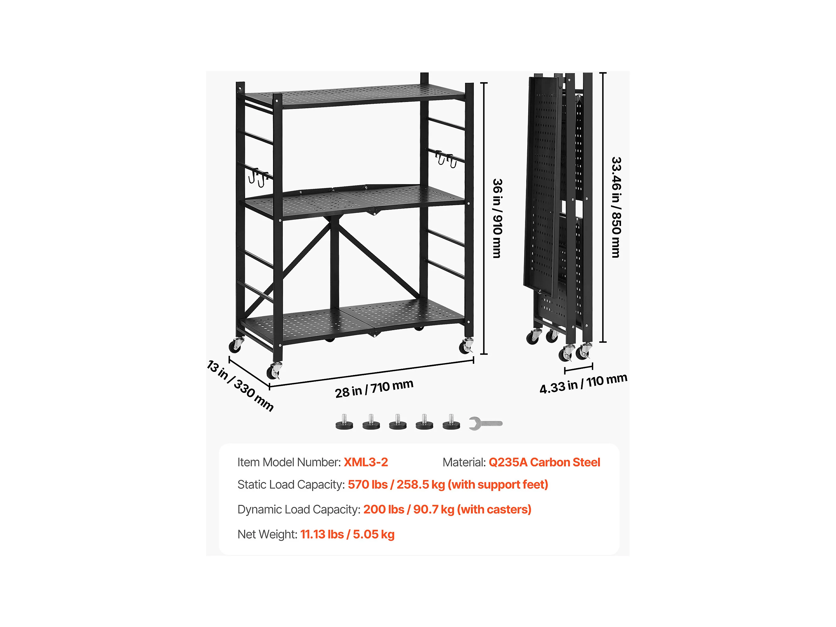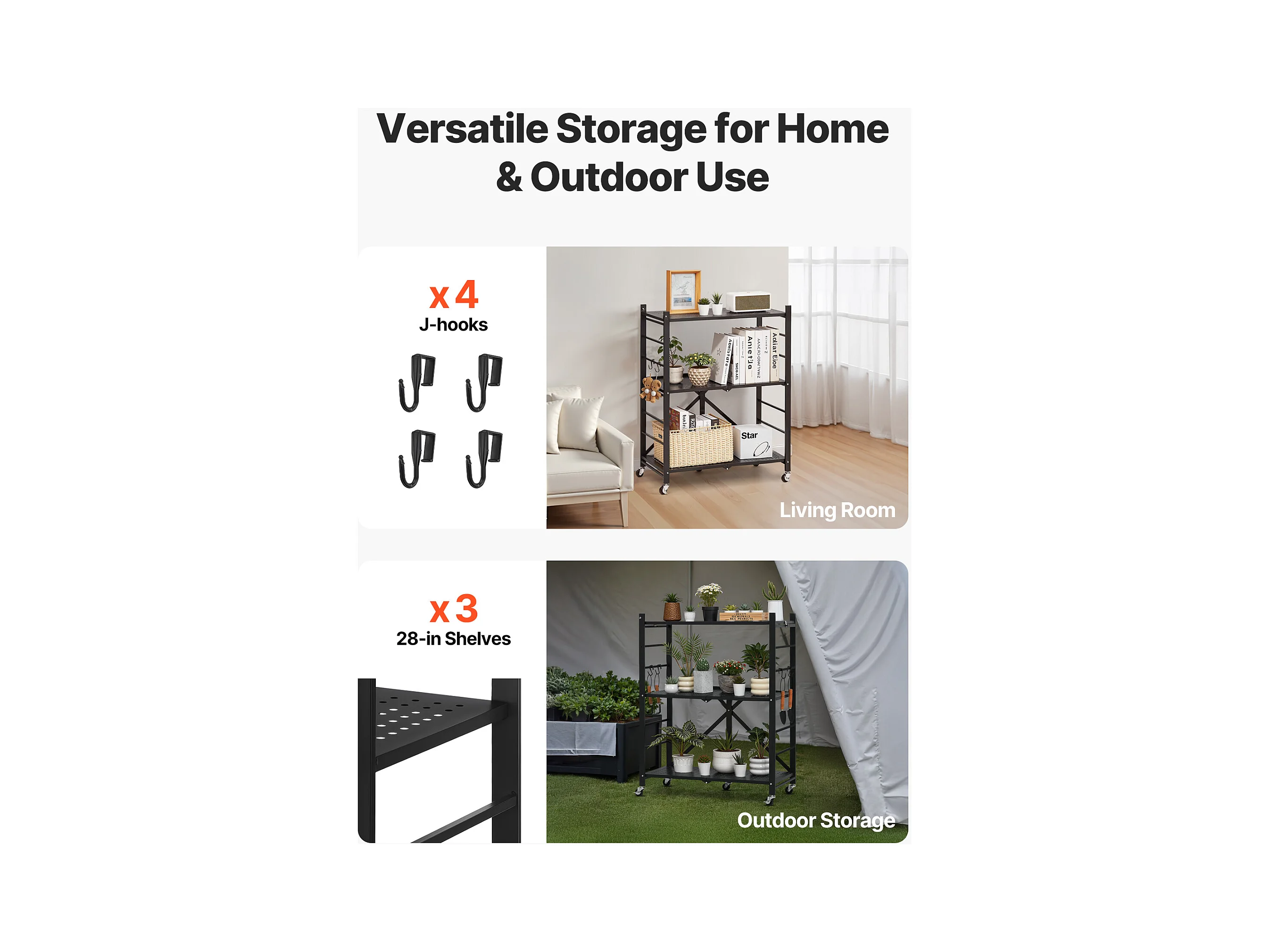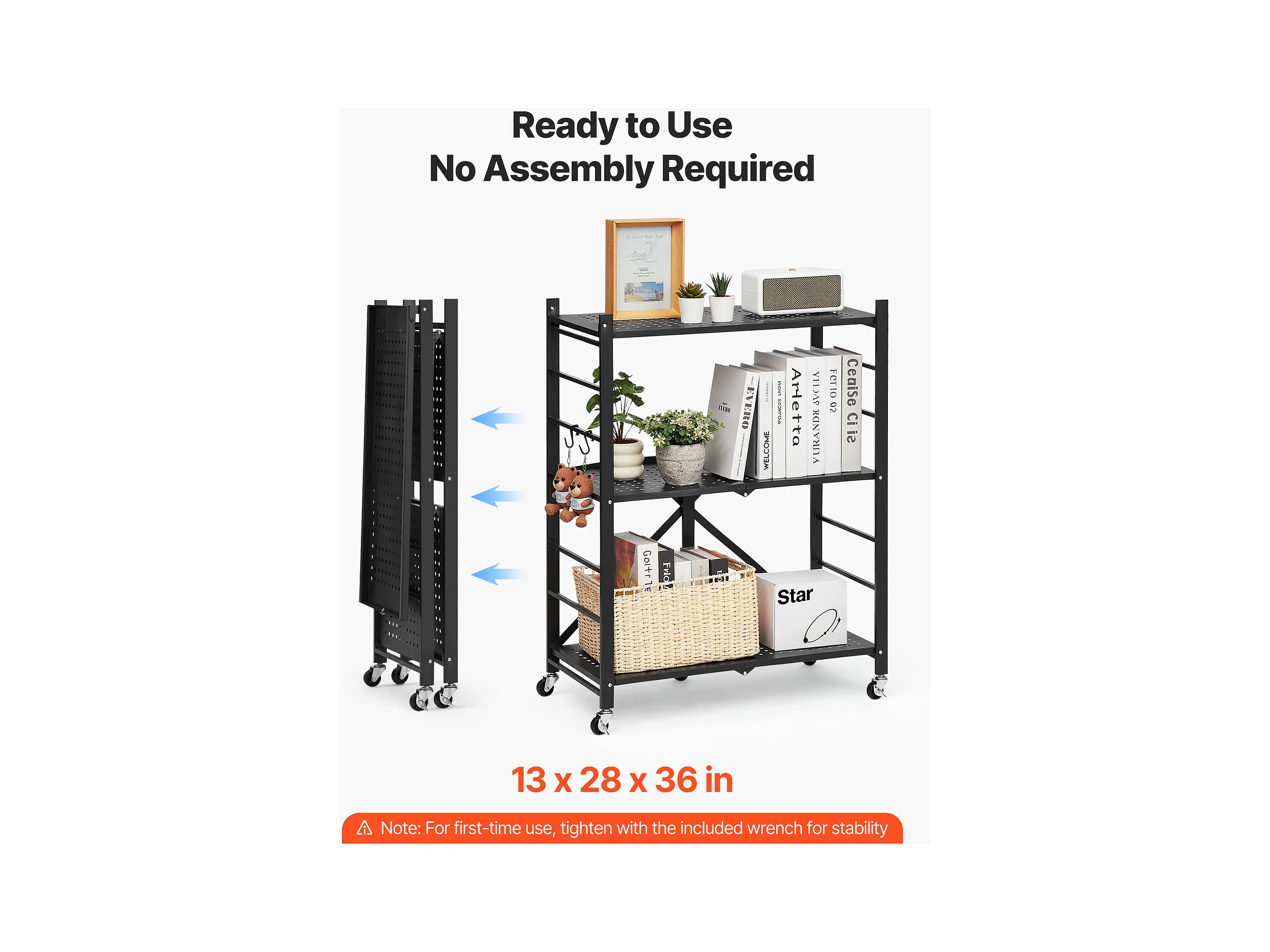 Estante Plegable SucceBuy Estantería Plegable de 3 Niveles, 71 x 33 x 91 cm, Metal Resistente, con Ruedas y Ganchos, para Despensa, Cocina. Color Negro
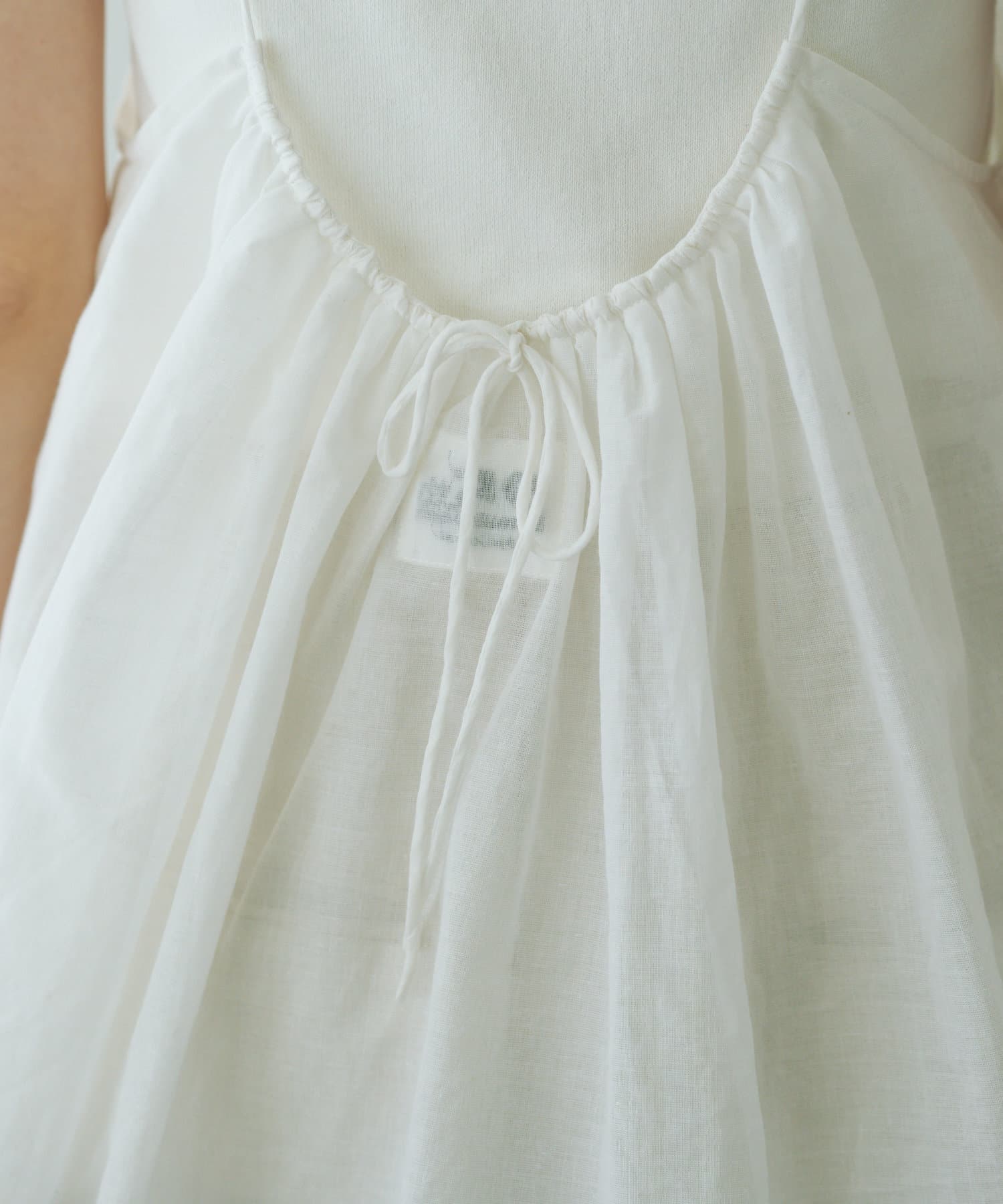 大人っぽさのある肩の華奢なコード紐は、リボン結び仕様で自分好みの長さに調節可能。
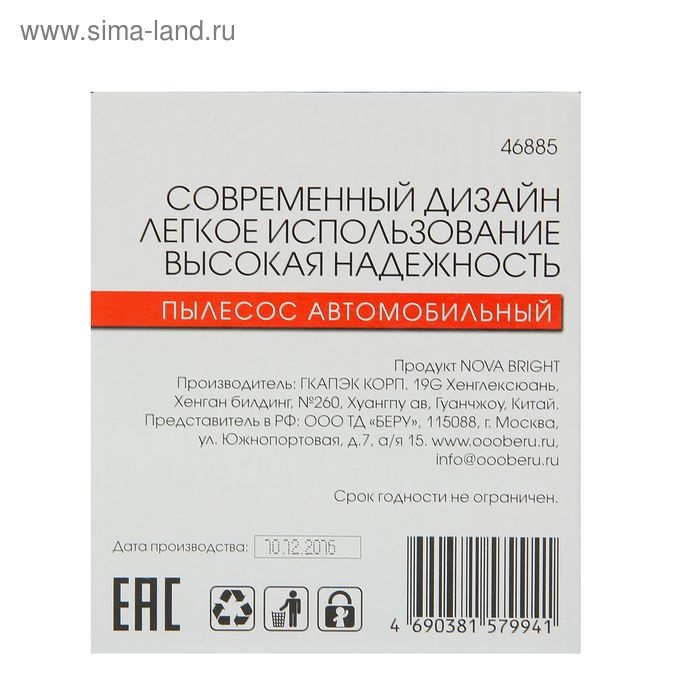 Пылесос Nova Bright, для сухой и влажной уборки, 60 Вт, 12 В, красный. Не секрет, что машина давно уже перестала восприниматься как просто средство передвижения, и водители покупают всё лучшее для своих железных коней. Пылесос Nova Bright, для сухой и влажной уборки — идеальный выбор, если вы ставите целью и улучшение технических характеристик, и поддержание внешнего вида автомобиля.

*Task details*: Retyping is limited to the line with "大人っぽさのある肩の華奢なコ" and the lines after it in the material above; give them exactly and leave out the pictures.

*Exercise solution*:
 大人っぽさのある肩の華奢なコード紐は、リボン結び仕様で自分好みの長さに調節可能。
 Пылесос Nova Bright, для сухой и влажной уборки, 60 Вт, 12 В, красный. Не секрет, что машина давно уже перестала восприниматься как просто средство передвижения, и водители покупают всё лучшее для своих железных коней. Пылесос Nova Bright, для сухой и влажной уборки — идеальный выбор, если вы ставите целью и улучшение технических характеристик, и поддержание внешнего вида автомобиля.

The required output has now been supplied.